Es gibt Probleme, die für den Großteil der Öffentlichkeit unsichtbar sind, für einige Familien aber eine Frage des Lebens. Menschen mit Hämophilie in Mazedonien leben, wie auf einer Pressekonferenz alarmiert wurde, seit mehr als einem Jahr in einem regelrechten Leidensweg wegen eines Mangels am Medikament "Faktor 8" - der Therapie, ohne die sich diese Krankheit nicht kontrollieren lässt.

Hämophilie ist ein Zustand, bei dem das Blut nicht normal gerinnt, sodass selbst die kleinste Verletzung lebensbedrohlich werden kann. "Faktor 8" ist kein Luxus und keine Zusatztherapie - es ist das Medikament, das diese Patienten am Leben und funktionsfähig hält. Wenn die Mengen auf Monate begrenzt sind, sind die Patienten gezwungen zu warten, zu rationieren und in ständiger Angst zu leben, was geschieht, wenn sie sich verletzen.

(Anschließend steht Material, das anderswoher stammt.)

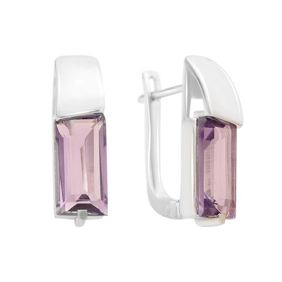 Серьги 925 пробы с натуральным аметистом 5.015ct. Вес украшения 5,86г. Физический размер изделия (высота*ширина): 20х6мм. Страна происхождения: Индия.

Und hier können sich die Institutionen nicht hinter der Floskel "das Gesundheitswesen ist ein komplexes System" verstecken. Es geht um eine relativ kleine Zahl von Patienten mit einem klaren, dokumentierten Bedarf. Wenn ein Staat eine kontinuierliche Therapie für ein paar Hundert Menschen mit einem lebensbedrohlichen Zustand nicht bereitstellen kann, ist die Frage nicht, ob es Geld gibt - die Frage ist, wo es verloren geht, und warum gerade diese Patienten immer am Ende der Schlange stehen.

Hinter jeder solchen Nachricht steht eine Familie, die jeden Morgen mit einer Rechnung aufwacht - reicht das Medikament bis zum Monatsende. Das ist keine Politik, es ist eine Gesundheitsleistung, die jeder funktionierende Staat als grundlegend betrachtet. Wie lange wird eine Gesellschaft ihre verletzlichsten Bürger um etwas betteln lassen, das ihnen von Rechts wegen zusteht?